Step 6.13 Get the items stored in CreditCardTokenizerTable. Replace the value of CreditCardToken (Step 6.11) and AccountId (Step 6.5) with previously identified values.

aws dynamodb get-item --table-name CreditCardTokenizerTable --key '{ "Hash_Key" : { "S": "<CreditCardToken>" }, "Account_Id" : { "S" : "<AccountId>" }  }'

The output will look like

{
    "Item": {
        "*amzn-ddb-map-sig*": {
            "B": "**************"
        }, 
        "*amzn-ddb-map-desc*": {
            "B": "**************"
        }, 
        "Hash_Key": {
            "S": "***************"
        }, 
        "Account_Id": {
            "S": "***************"
        }, 
        "CandidateString": {
            "B": "*****************"
        }
    }

Note the value of CandidateString. It will be the encrypted value of CreditCard instead of the plain text.

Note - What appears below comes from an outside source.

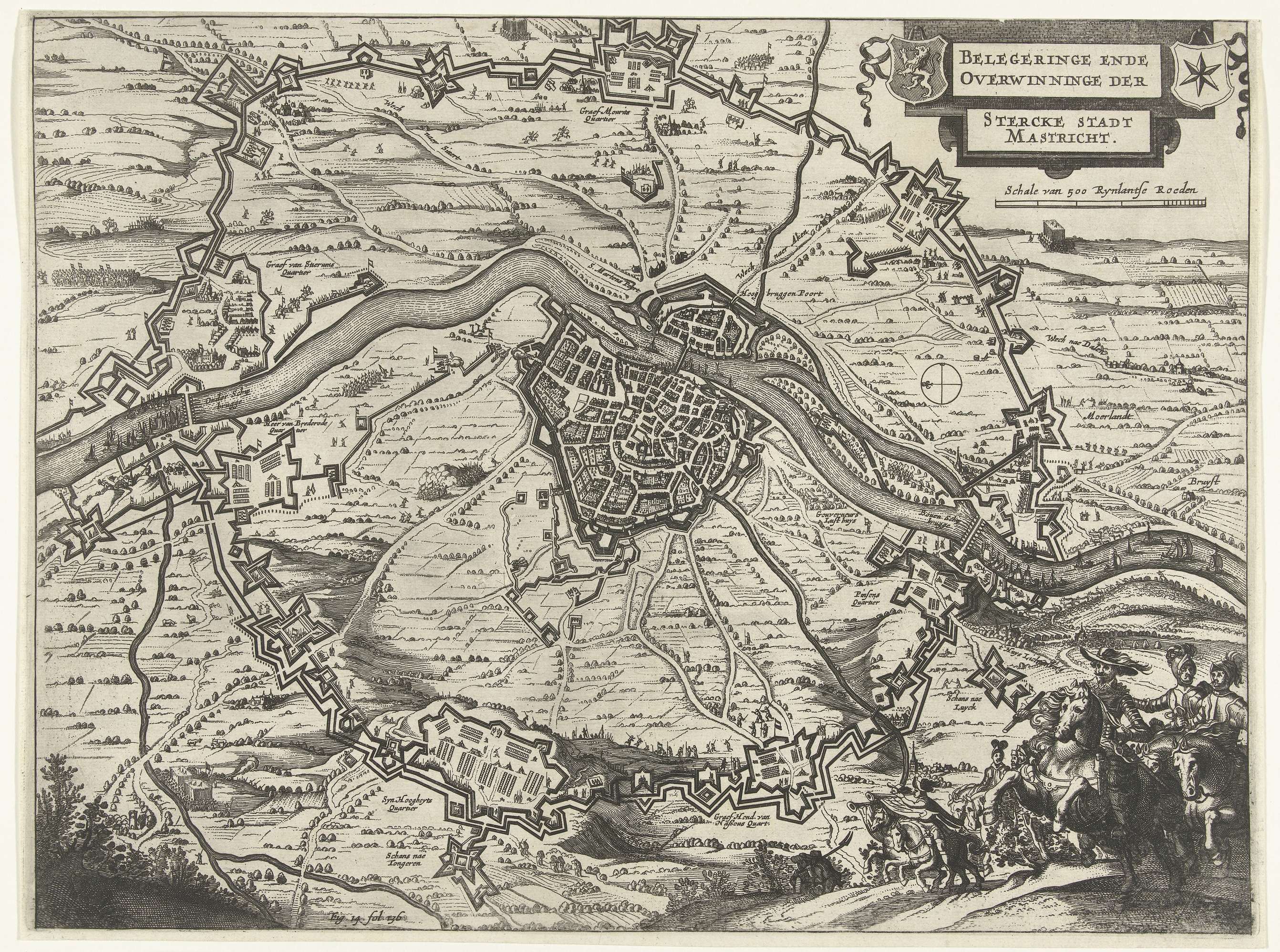 Kaart van het beleg van Maastricht door het Staatse leger onder stadhouder Frederik Hendrik, 9 juni tot 21 augustus 1632. Omsingeling van de stad met de verschillende legerkampen van de belegeraars. Rechtsonder de stadhouder met officieren te paard. Gemerkt linksonder: Fig. 14 fol. 136.

Here, in step 6, the CloudFormation stack created DynamoDB table for storing customer order information, Lambda function for handling request and response, APIs for creating order and paying bill and Cognito user pool for API authentication. In order to verify application functionality, we created a Cognito user to call the APIs and validated plain text (generated token) in CustomerOrderTable and encrypted credit card information in CreditCardTokenizerTable DynamoDB tables.

Step 7: Clean up and delete the resources

Delete the three CloudFormation stacks created (Steps 4, 5 and 6) and S3 bucket. Replace the value of unique-s3-bucket-name with the name of the bucket created earlier in Step 2.

aws cloudformation delete-stack --stack-name app-stack

aws cloudformation delete-stack --stack-name tokenizer-stack

aws cloudformation delete-stack --stack-name kms-stack

aws s3 rb s3://<unique-s3-bucket-name> --force

Resources

See the AWS SAM developer guide for an introduction to SAM specification, the SAM CLI, and serverless application concepts.

Security

See CONTRIBUTING for more information.

License

This library is licensed under the MIT-0 License. See the LICENSE file.